[Extracted data entries]
○ ○ ○
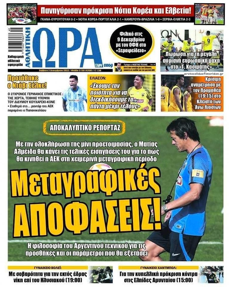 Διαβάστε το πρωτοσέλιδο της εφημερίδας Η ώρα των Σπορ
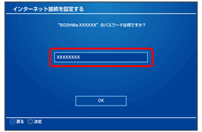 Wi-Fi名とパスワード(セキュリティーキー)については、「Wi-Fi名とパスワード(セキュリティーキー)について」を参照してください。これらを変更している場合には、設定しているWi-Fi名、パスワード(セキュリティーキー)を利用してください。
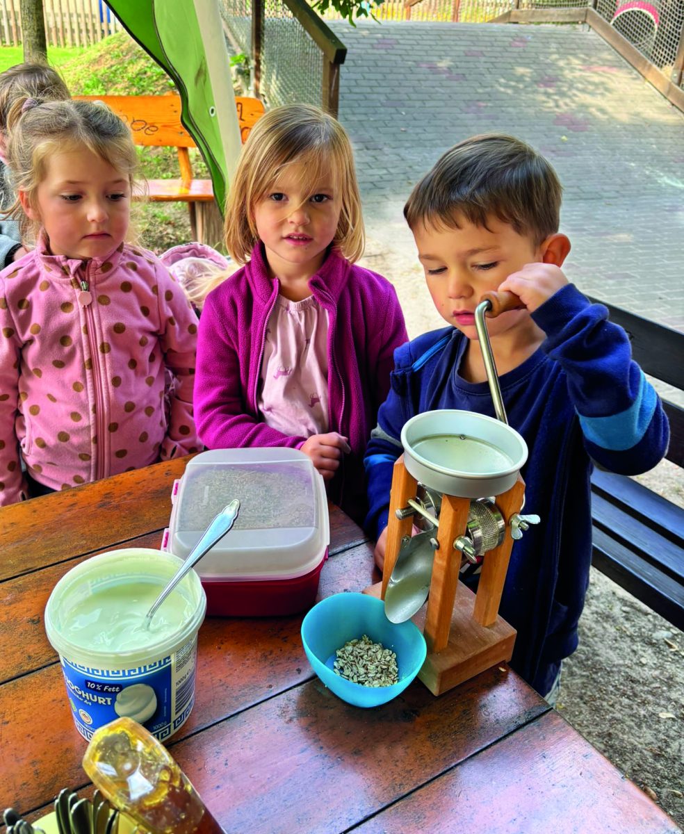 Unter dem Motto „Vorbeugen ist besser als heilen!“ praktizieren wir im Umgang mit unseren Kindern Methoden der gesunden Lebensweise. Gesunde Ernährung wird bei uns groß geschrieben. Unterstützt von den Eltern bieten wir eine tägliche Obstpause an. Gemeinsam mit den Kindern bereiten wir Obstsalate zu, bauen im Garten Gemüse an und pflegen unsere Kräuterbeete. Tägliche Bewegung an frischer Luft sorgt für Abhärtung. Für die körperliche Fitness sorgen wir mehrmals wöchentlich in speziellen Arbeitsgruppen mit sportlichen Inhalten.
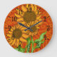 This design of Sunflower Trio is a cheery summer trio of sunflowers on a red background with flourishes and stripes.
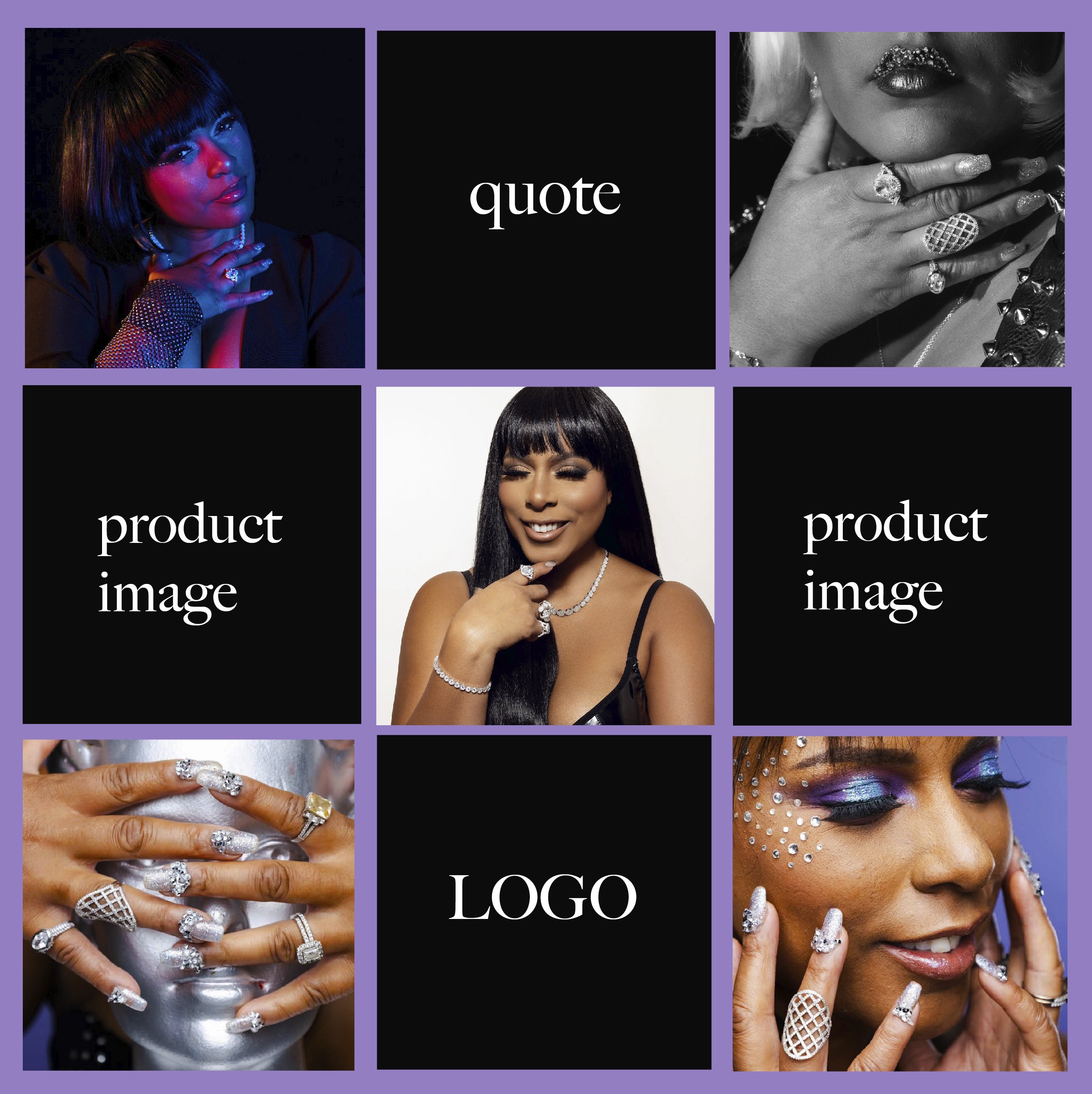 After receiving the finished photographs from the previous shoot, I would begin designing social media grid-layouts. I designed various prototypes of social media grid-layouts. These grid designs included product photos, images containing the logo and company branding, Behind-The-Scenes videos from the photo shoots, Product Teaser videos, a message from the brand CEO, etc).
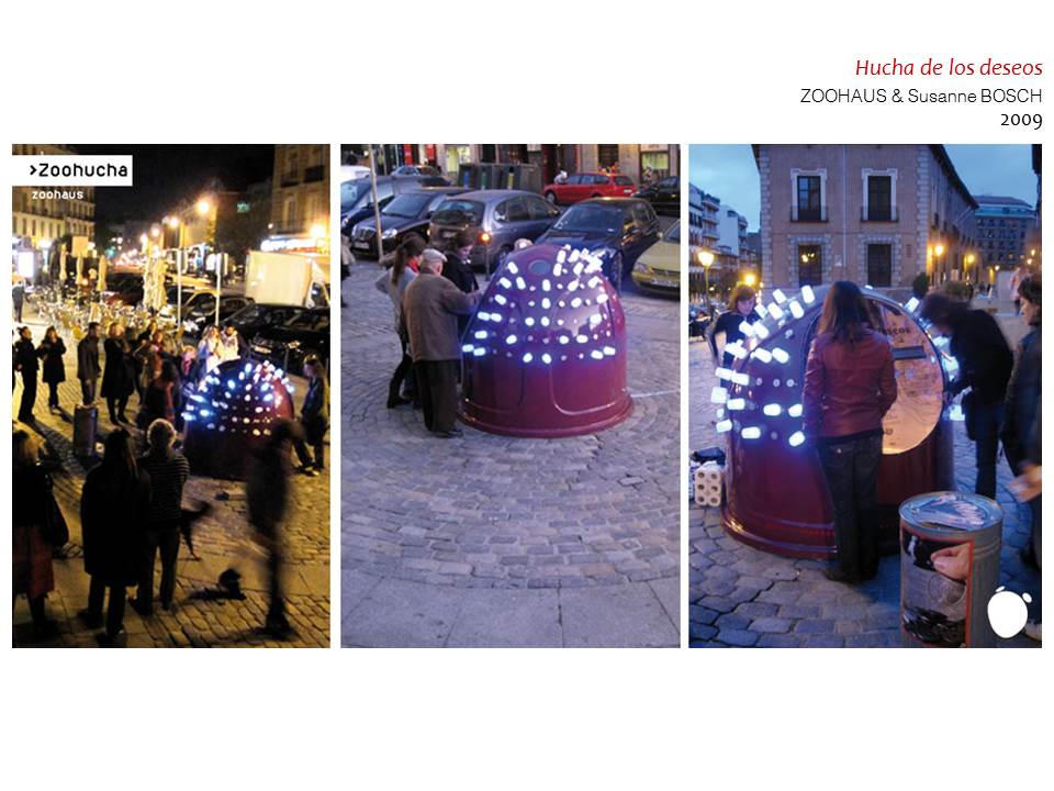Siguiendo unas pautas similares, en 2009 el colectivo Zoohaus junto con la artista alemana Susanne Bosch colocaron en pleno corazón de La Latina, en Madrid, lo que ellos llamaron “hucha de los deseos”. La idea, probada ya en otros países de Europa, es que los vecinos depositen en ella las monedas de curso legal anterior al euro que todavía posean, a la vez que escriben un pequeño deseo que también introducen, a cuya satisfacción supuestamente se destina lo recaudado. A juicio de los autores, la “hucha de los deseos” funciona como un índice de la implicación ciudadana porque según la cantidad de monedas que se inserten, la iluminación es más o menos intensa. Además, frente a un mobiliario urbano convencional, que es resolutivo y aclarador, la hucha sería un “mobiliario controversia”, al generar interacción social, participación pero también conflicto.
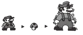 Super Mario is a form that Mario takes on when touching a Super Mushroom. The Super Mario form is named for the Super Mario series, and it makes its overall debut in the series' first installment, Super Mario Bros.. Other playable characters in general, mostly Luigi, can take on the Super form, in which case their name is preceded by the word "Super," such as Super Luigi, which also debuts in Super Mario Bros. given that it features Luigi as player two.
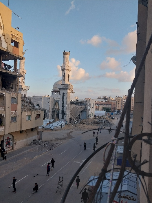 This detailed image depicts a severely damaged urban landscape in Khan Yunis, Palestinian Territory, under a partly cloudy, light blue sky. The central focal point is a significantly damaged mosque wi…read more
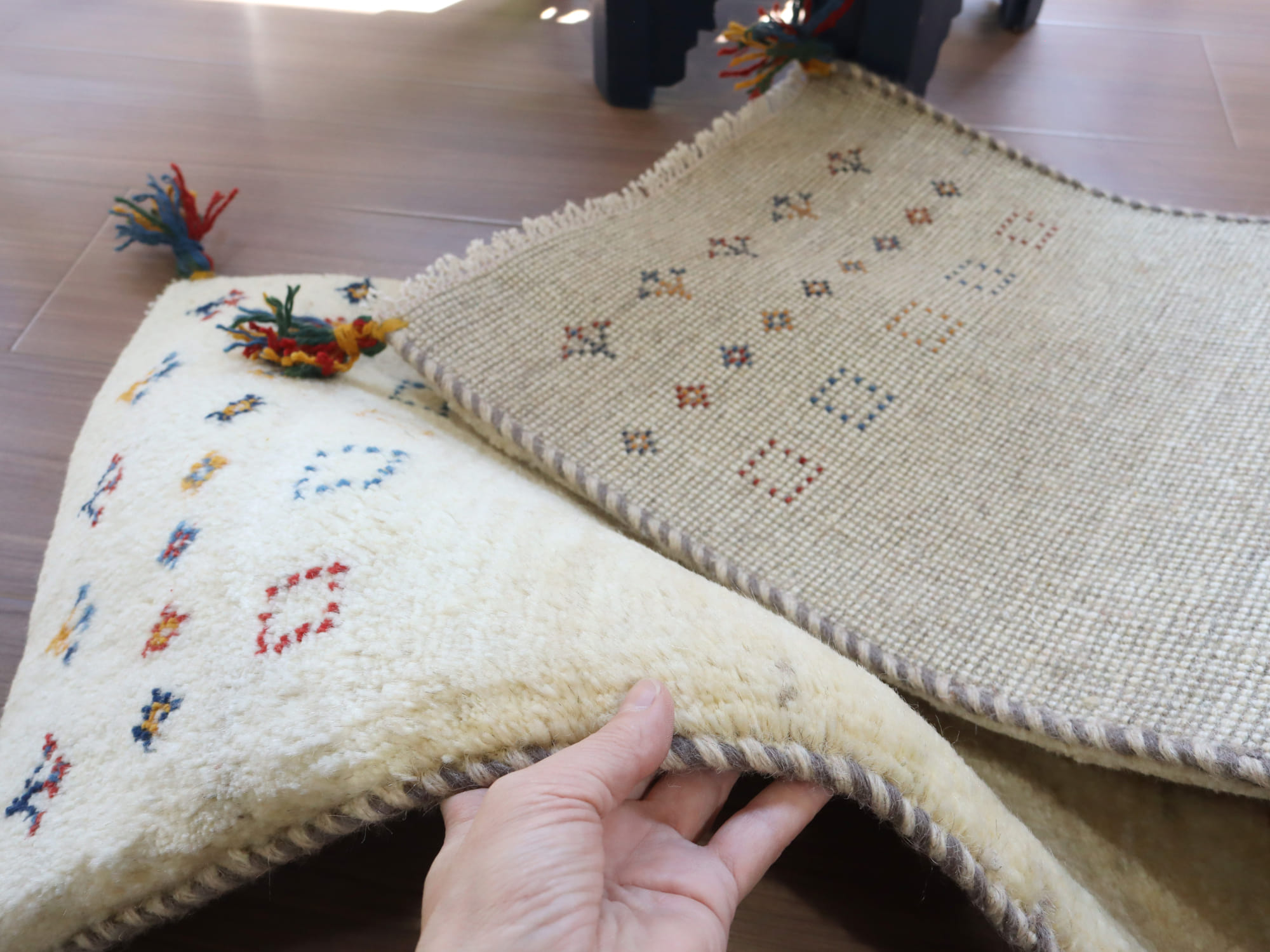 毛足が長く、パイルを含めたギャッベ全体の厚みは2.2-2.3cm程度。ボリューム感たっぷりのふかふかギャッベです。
○ ○ ○
WORK INSTRUCTIONS. Your answer must be the exact lines from the start of the data through the line with "Wi-Fi名とパスワード(セキュリティーキー)については", inclusive, and nothing else; pictures do not belong in it.

FINAL ANSWER.
 Διαβάστε το πρωτοσέλιδο της εφημερίδας Η ώρα των Σπορ
 Wi-Fi名とパスワード(セキュリティーキー)については、「Wi-Fi名とパスワード(セキュリティーキー)について」を参照してください。これらを変更している場合には、設定しているWi-Fi名、パスワード(セキュリティーキー)を利用してください。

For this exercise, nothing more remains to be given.